Given records:

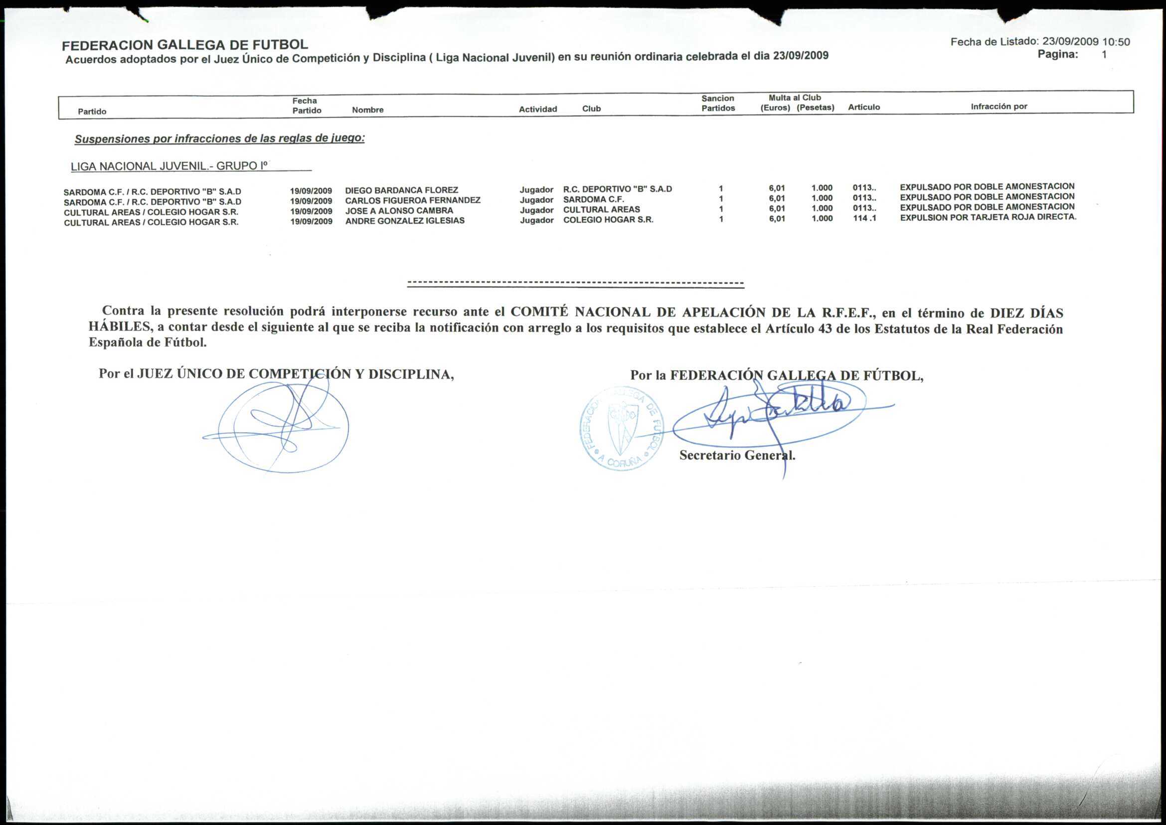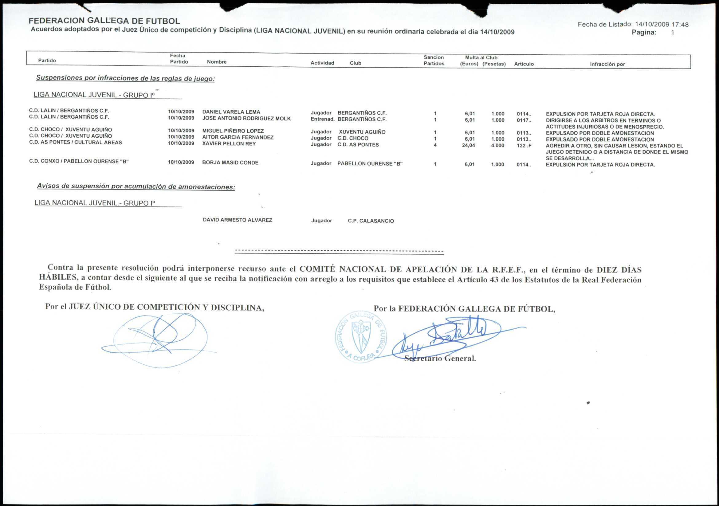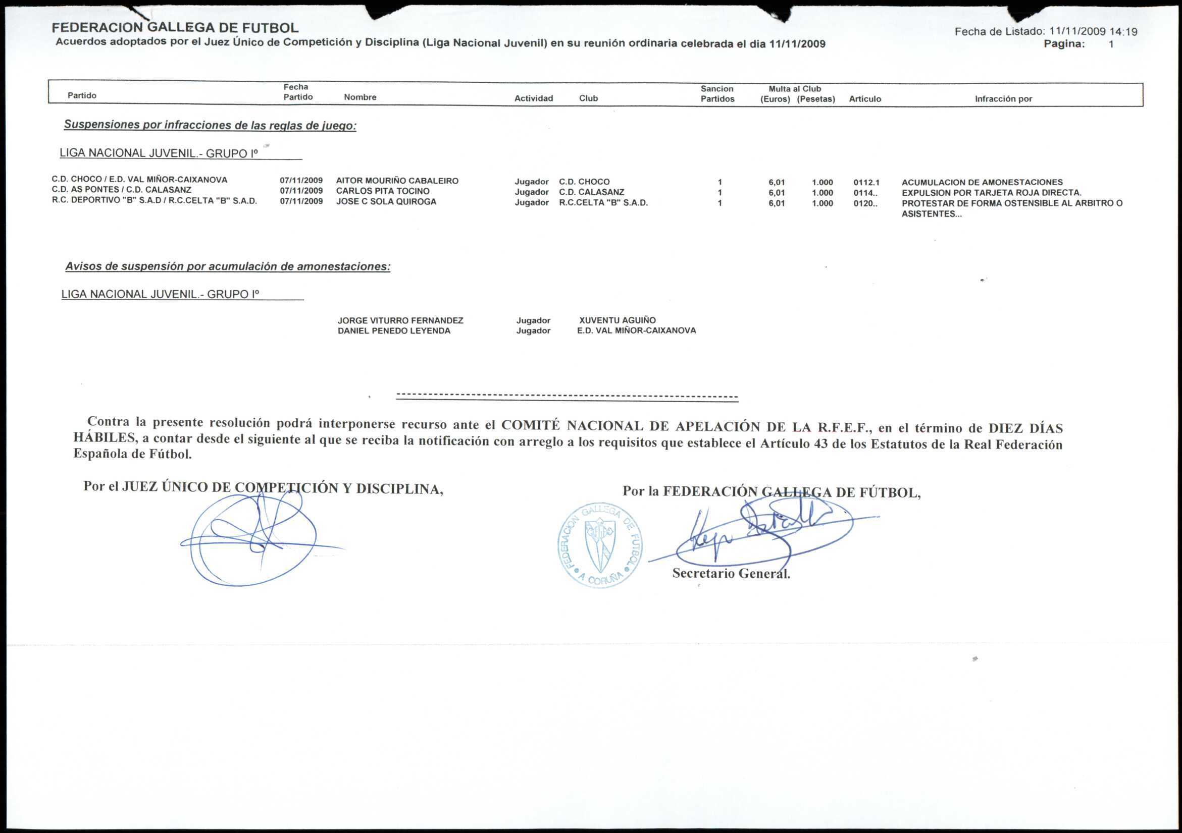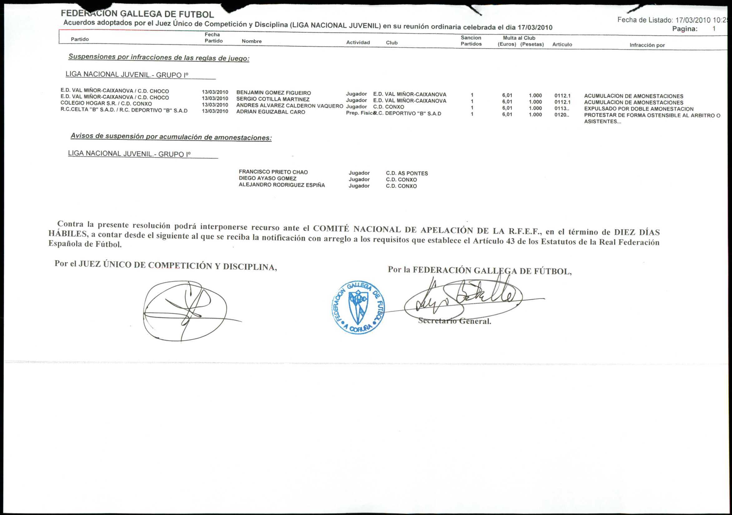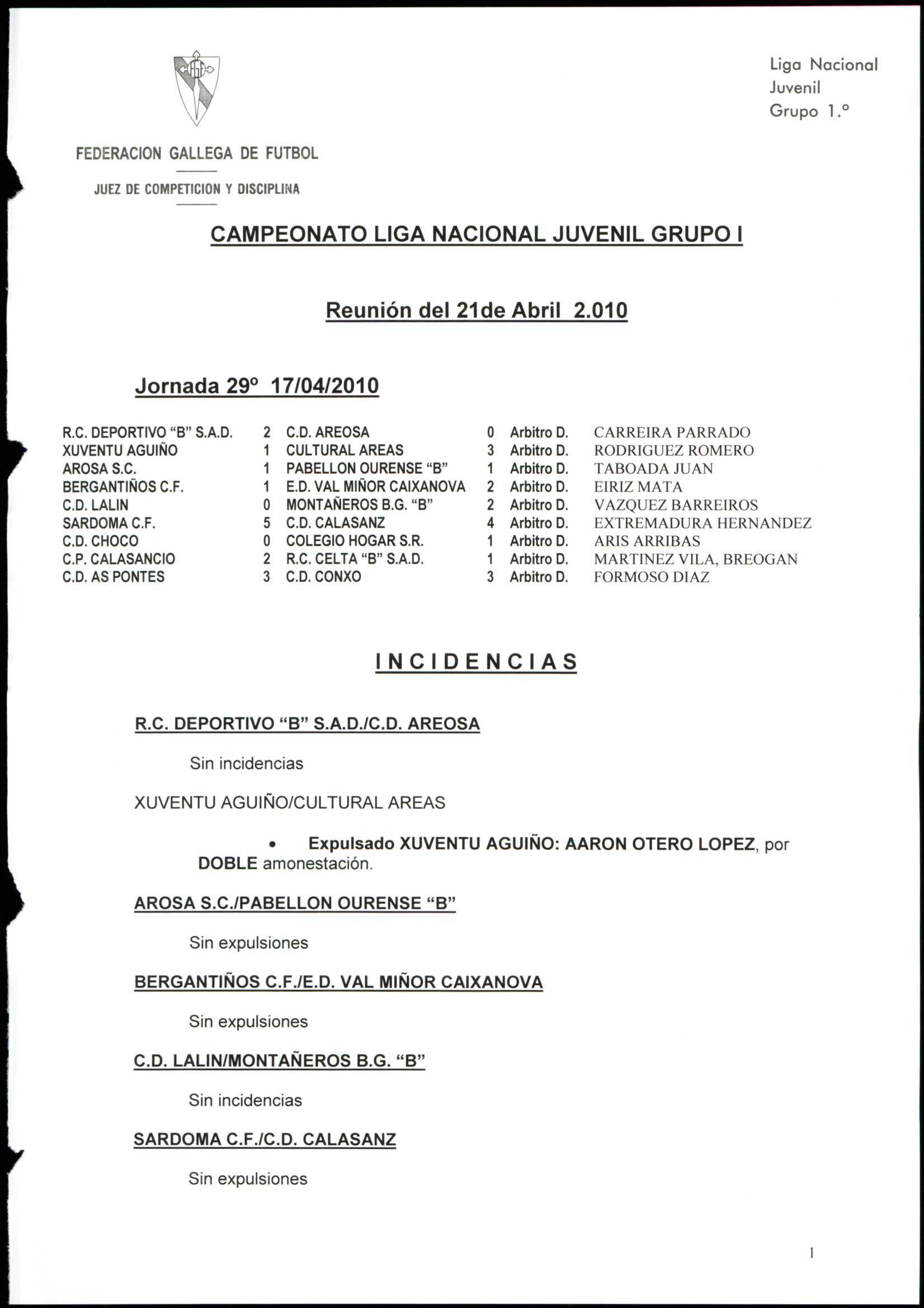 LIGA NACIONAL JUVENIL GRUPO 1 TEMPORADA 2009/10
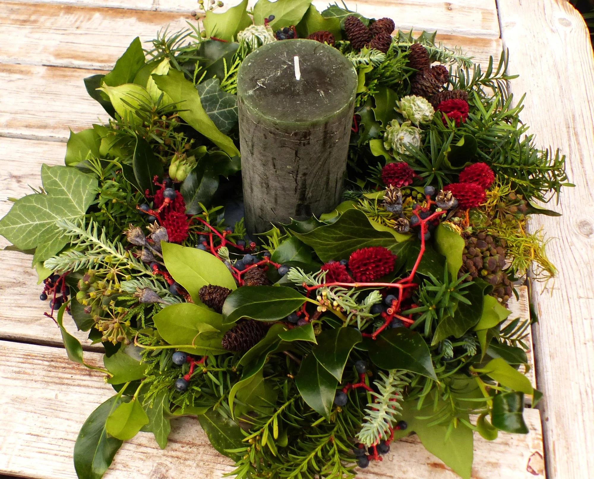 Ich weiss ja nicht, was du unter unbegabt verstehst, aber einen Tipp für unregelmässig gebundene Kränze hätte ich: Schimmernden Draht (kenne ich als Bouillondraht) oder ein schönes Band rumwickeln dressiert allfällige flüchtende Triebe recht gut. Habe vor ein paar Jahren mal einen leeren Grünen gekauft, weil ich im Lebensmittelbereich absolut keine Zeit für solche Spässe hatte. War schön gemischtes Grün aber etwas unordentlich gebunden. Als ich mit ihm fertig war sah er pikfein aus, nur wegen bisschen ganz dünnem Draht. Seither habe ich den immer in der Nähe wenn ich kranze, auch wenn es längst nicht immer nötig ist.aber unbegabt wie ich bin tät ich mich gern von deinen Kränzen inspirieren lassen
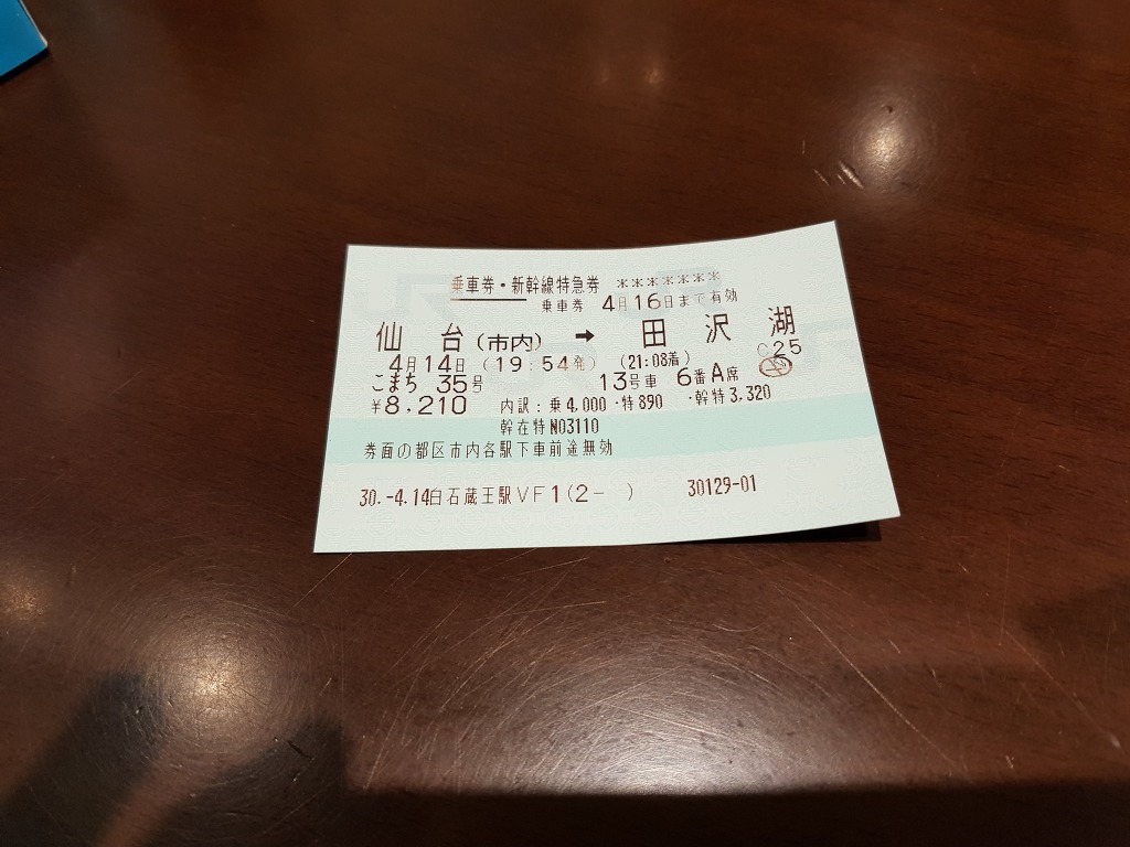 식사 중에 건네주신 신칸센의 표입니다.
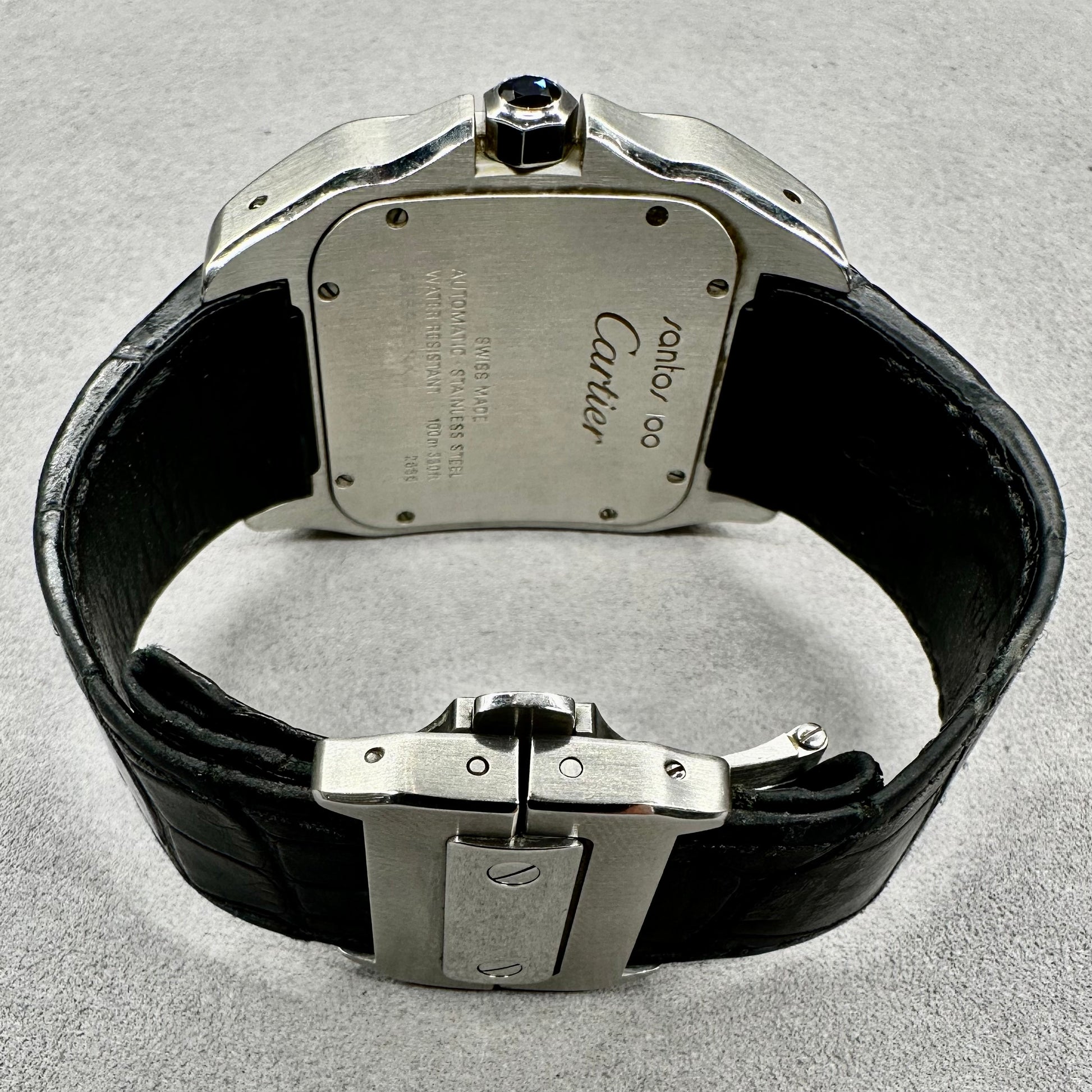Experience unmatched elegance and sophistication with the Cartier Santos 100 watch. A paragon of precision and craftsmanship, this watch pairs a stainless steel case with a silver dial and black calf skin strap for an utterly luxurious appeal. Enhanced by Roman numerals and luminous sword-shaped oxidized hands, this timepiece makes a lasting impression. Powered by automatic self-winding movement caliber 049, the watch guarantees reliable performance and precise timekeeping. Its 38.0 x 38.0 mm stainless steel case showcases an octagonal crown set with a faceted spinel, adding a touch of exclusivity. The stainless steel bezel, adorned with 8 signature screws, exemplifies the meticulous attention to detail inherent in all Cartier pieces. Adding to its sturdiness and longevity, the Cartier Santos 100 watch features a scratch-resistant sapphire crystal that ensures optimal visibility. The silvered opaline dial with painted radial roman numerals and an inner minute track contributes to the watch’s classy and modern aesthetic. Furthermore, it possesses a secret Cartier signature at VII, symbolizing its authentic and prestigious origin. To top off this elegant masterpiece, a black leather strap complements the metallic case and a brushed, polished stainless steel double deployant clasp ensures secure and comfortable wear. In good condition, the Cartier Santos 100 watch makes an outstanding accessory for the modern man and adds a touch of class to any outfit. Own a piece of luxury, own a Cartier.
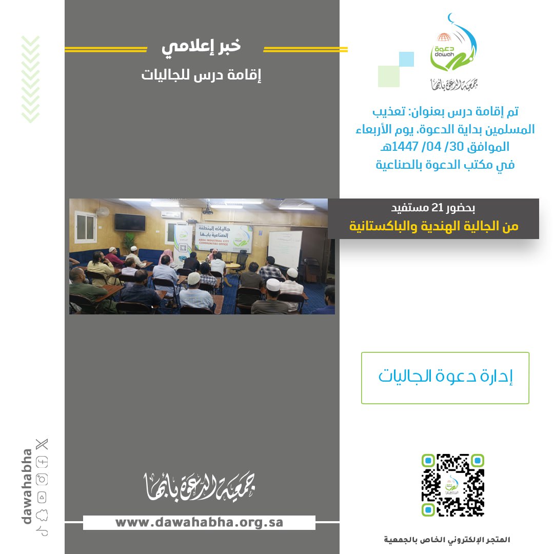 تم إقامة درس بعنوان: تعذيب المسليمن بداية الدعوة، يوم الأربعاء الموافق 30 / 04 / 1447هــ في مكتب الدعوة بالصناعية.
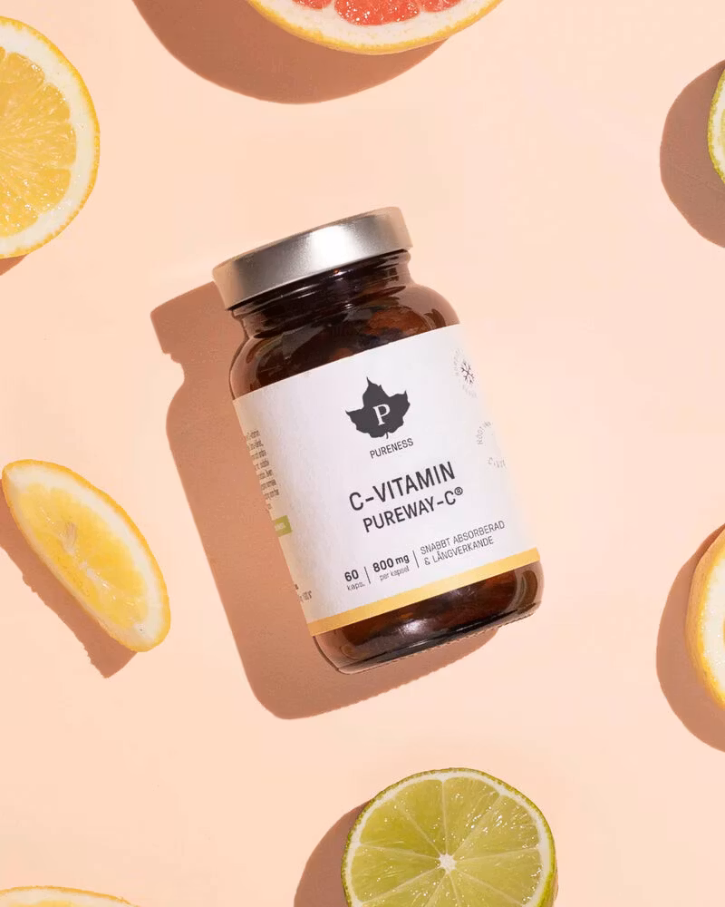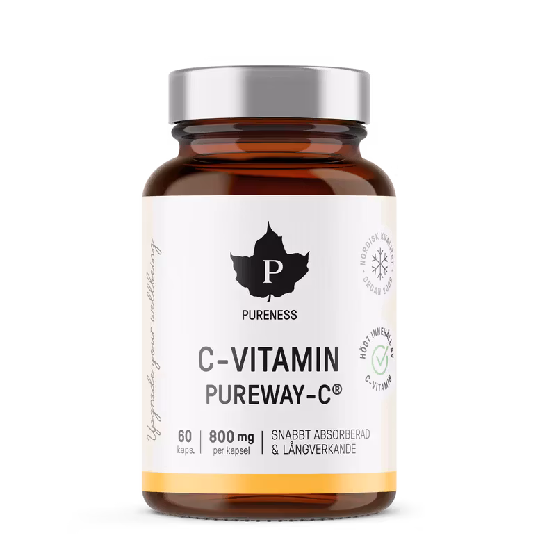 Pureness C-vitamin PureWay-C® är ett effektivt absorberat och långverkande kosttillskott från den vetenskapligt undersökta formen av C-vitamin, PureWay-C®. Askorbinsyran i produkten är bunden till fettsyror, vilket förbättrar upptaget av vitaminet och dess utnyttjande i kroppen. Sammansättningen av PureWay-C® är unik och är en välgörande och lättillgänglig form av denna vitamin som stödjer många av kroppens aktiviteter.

Description of the task: Pictures are to be dropped, and every record is to be copied exactly.

Solution:
 LIGA NACIONAL JUVENIL GRUPO 1 TEMPORADA 2009/10
 Ich weiss ja nicht, was du unter unbegabt verstehst, aber einen Tipp für unregelmässig gebundene Kränze hätte ich: Schimmernden Draht (kenne ich als Bouillondraht) oder ein schönes Band rumwickeln dressiert allfällige flüchtende Triebe recht gut. Habe vor ein paar Jahren mal einen leeren Grünen gekauft, weil ich im Lebensmittelbereich absolut keine Zeit für solche Spässe hatte. War schön gemischtes Grün aber etwas unordentlich gebunden. Als ich mit ihm fertig war sah er pikfein aus, nur wegen bisschen ganz dünnem Draht. Seither habe ich den immer in der Nähe wenn ich kranze, auch wenn es längst nicht immer nötig ist.aber unbegabt wie ich bin tät ich mich gern von deinen Kränzen inspirieren lassen
 식사 중에 건네주신 신칸센의 표입니다.
Experience unmatched elegance and sophistication with the Cartier Santos 100 watch. A paragon of precision and craftsmanship, this watch pairs a stainless steel case with a silver dial and black calf skin strap for an utterly luxurious appeal. Enhanced by Roman numerals and luminous sword-shaped oxidized hands, this timepiece makes a lasting impression. Powered by automatic self-winding movement caliber 049, the watch guarantees reliable performance and precise timekeeping. Its 38.0 x 38.0 mm stainless steel case showcases an octagonal crown set with a faceted spinel, adding a touch of exclusivity. The stainless steel bezel, adorned with 8 signature screws, exemplifies the meticulous attention to detail inherent in all Cartier pieces. Adding to its sturdiness and longevity, the Cartier Santos 100 watch features a scratch-resistant sapphire crystal that ensures optimal visibility. The silvered opaline dial with painted radial roman numerals and an inner minute track contributes to the watch’s classy and modern aesthetic. Furthermore, it possesses a secret Cartier signature at VII, symbolizing its authentic and prestigious origin. To top off this elegant masterpiece, a black leather strap complements the metallic case and a brushed, polished stainless steel double deployant clasp ensures secure and comfortable wear. In good condition, the Cartier Santos 100 watch makes an outstanding accessory for the modern man and adds a touch of class to any outfit. Own a piece of luxury, own a Cartier.
 تم إقامة درس بعنوان: تعذيب المسليمن بداية الدعوة، يوم الأربعاء الموافق 30 / 04 / 1447هــ في مكتب الدعوة بالصناعية.
 Pureness C-vitamin PureWay-C® är ett effektivt absorberat och långverkande kosttillskott från den vetenskapligt undersökta formen av C-vitamin, PureWay-C®. Askorbinsyran i produkten är bunden till fettsyror, vilket förbättrar upptaget av vitaminet och dess utnyttjande i kroppen. Sammansättningen av PureWay-C® är unik och är en välgörande och lättillgänglig form av denna vitamin som stödjer många av kroppens aktiviteter.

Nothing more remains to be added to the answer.